Purtroppo ho dovuto rinunciare a partecipare ai dibattiti di questi giorni sui referendum e non per motivi di salute o per altri impegni, ma perché dopo le minacce e la repressione da parte delle autorità ecclesiastiche nei confronti di tanti confratelli, tra i quali don Andrea Gallo di Genova, redarguiti e puniti semplicemente per aver dichiarato la loro intenzione di recarsi alle urne, ho paura di esprimere pubblicamente il mio orientamento circa il voto al referendum. Come sapete sono già abbastanza "punito" per permettermi di ricevere ulteriori restrizioni canoniche.

Nella Chiesa italiana, dopo l’invito all’astensione da parte del Presidente della Conferenza Episcopale Italiana, cardinal Camillo Ruini, che ipocritamente viene definito "un consiglio e non un’imposizione", si è creato un clima di vero terrore e di repressione contro chi, semplicemente, si esprime per il proprio diritto, come cittadino, ad andare a votare.

Tutto questo è vergognosamente antievangelico.
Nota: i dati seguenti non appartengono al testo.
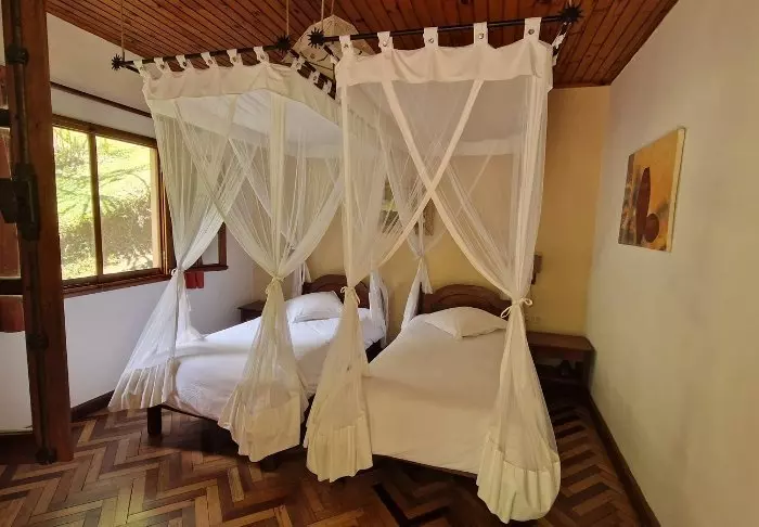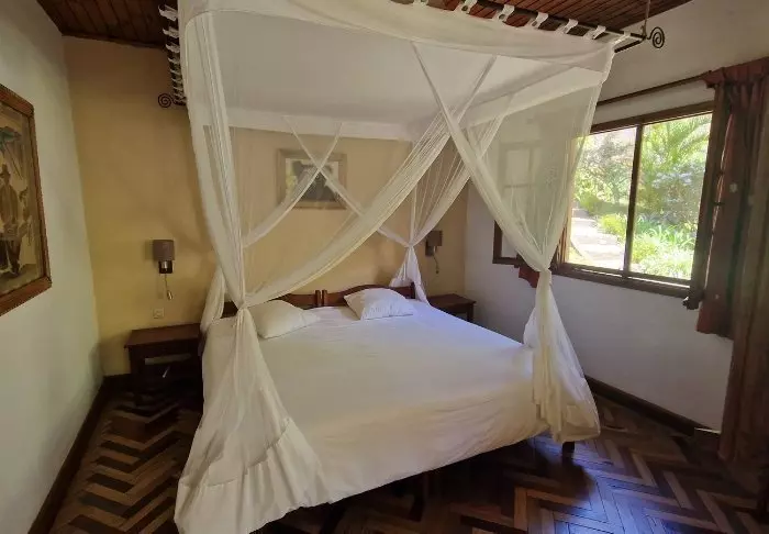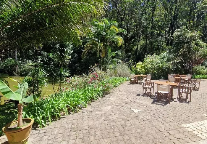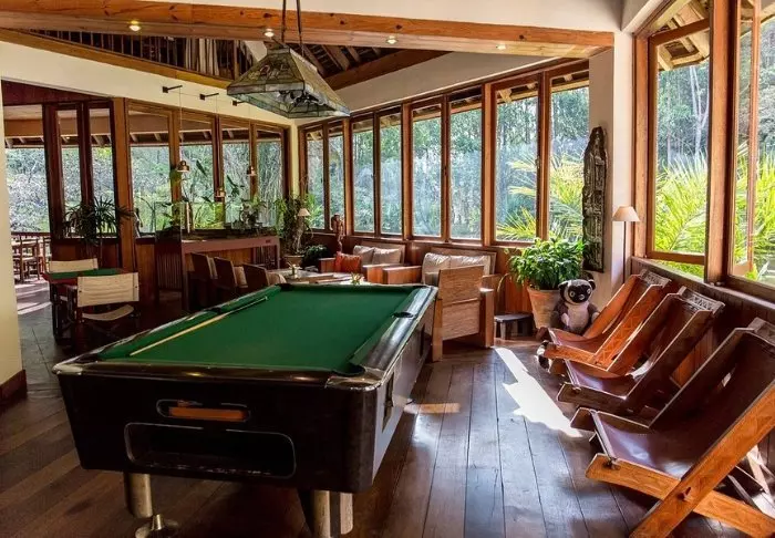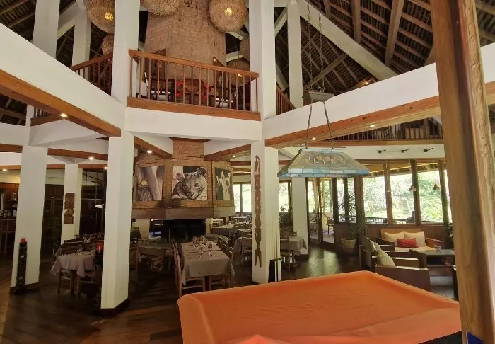 Toisaalta majapaikka on ehdottomasti jo sinänsä vierailun arvoinen. Siellä on 28 bungalowia, jotka on varustettu hyttysverkolla, kattotuulettimella, tallelokerolla ja minibaarilla. Suuri vetonaula on sen sijainti sademetsän keskellä, ja etenkin ravintola, jossa on pienelle järvelle rakennettu terassi.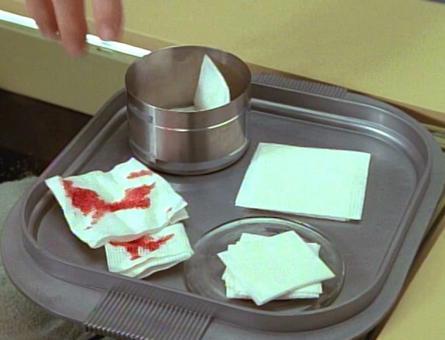The shooting schedule, p. 8, lists cotton and alcohol as props to be used instead of these pads.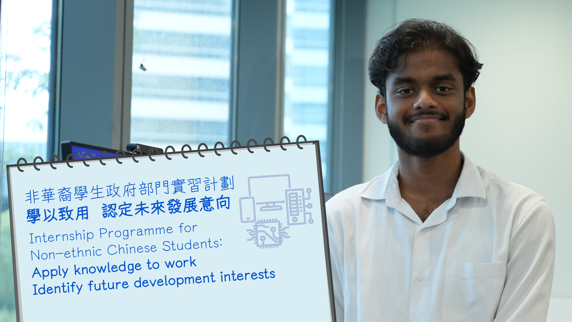 今年的實習生之一Sheik Mahmood Afif (Afif) 獲派到數字政策辦公室,協助智能政府創新實驗室的日常運作,包括編寫電腦程式來分析已收集的人工智能方案。正在大學修讀計算器工程的Afif認爲,實習工作範疇與他就讀學科息息相關,除了令他能學以致用外,也加強他在科技相關行業發展的意向,他非常推薦其他非華裔學生參加這個實習計劃。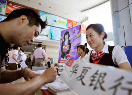 5月10日,銀行工作人員在創業項目交流大會上為投資人解答資金擔保相關問題。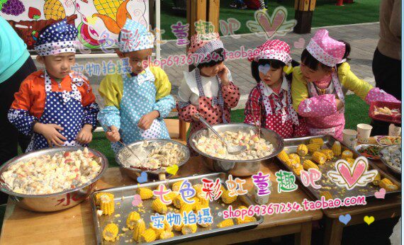 儿童围裙 幼儿围裙 韩版画画衣 吃饭衣罩衣 围裙+袖套+头巾3-12岁 - 七色彩虹童趣吧

La libertà e il primato della coscienza e la difesa del diritto civile ad esprimere liberamente le proprie posizioni circa i referendum, dovrebbero essere tutelate e garantite sempre e a chiunque. Per noi preti non è così e ogni volta che, come cittadini, siamo chiamati ad esprimerci su qualche referendum, la repressione è smisurata e sproporzionata, e provoca decine di "vittime", come è avvenuto in passato.

È evidente che si usano due pesi e due misure: scatti di carriera per quei preti che si allineano e per chi fa propaganda gradita alle gerarchie; restrizioni, repressione e punizioni per chi esprime liberamente il proprio pensiero. Contro questo diverso trattamento i cattolici dovrebbero avere uno scatto di dignità e dovrebbero protestare con i propri vescovi, contro l’accanimento che questi mettono in atto nei confronti di chi dissente o di chi rivendica il diritto ad esprimersi liberamente.

Da parte mia non mi pento di aver aderito all’appello lanciato dall’agenzia di informazione ADISTA (www. adista. it) "per il rispetto della sacralità della coscienza in occasione del referendum del 12 e 13 giugno per la modifica della Legge 40/2004 sulla procreazione assistita".

Mi sento di sottoscrivere in pieno quanto, tra l’altro, l’appello dice: "Compito dei vescovi è indicare valori, non imporre ai credenti scelte che competono alla coscienza e alla fede di ognuno", proprio perché il "cristianesimo non è mai stato solo potere e lotta fra poteri. Il Vangelo e la profezia hanno incessantemente animato la crescita dell’umanità lungo l’asse dei valori democratici, fra cui il primato della coscienza, il pluralismo, l’etica della responsabilità".

Non è un appello a favore del sì o del no, ma è un invito perché ognuno, soprattutto se cattolico, circa il referendum decida autonomamente e responsabilmente.

Ovviamente io difendo la libertà personale di astenersi dal voto, che è un sacrosanto diritto di ciascuno. Ma condanno come immorale il tentativo, messo in atto da parte di personalità religiose e politiche, di condizionare gli elettori a non presentarsi ai seggi elettorali per non far raggiungere il quorum, che costituisce un’aperta istigazione a violare la segretezza del voto, presidio indiscusso di ogni sistema democratico.

Io ho deciso: domenica andrò a votare esercitando liberamente e in coscienza un mio diritto!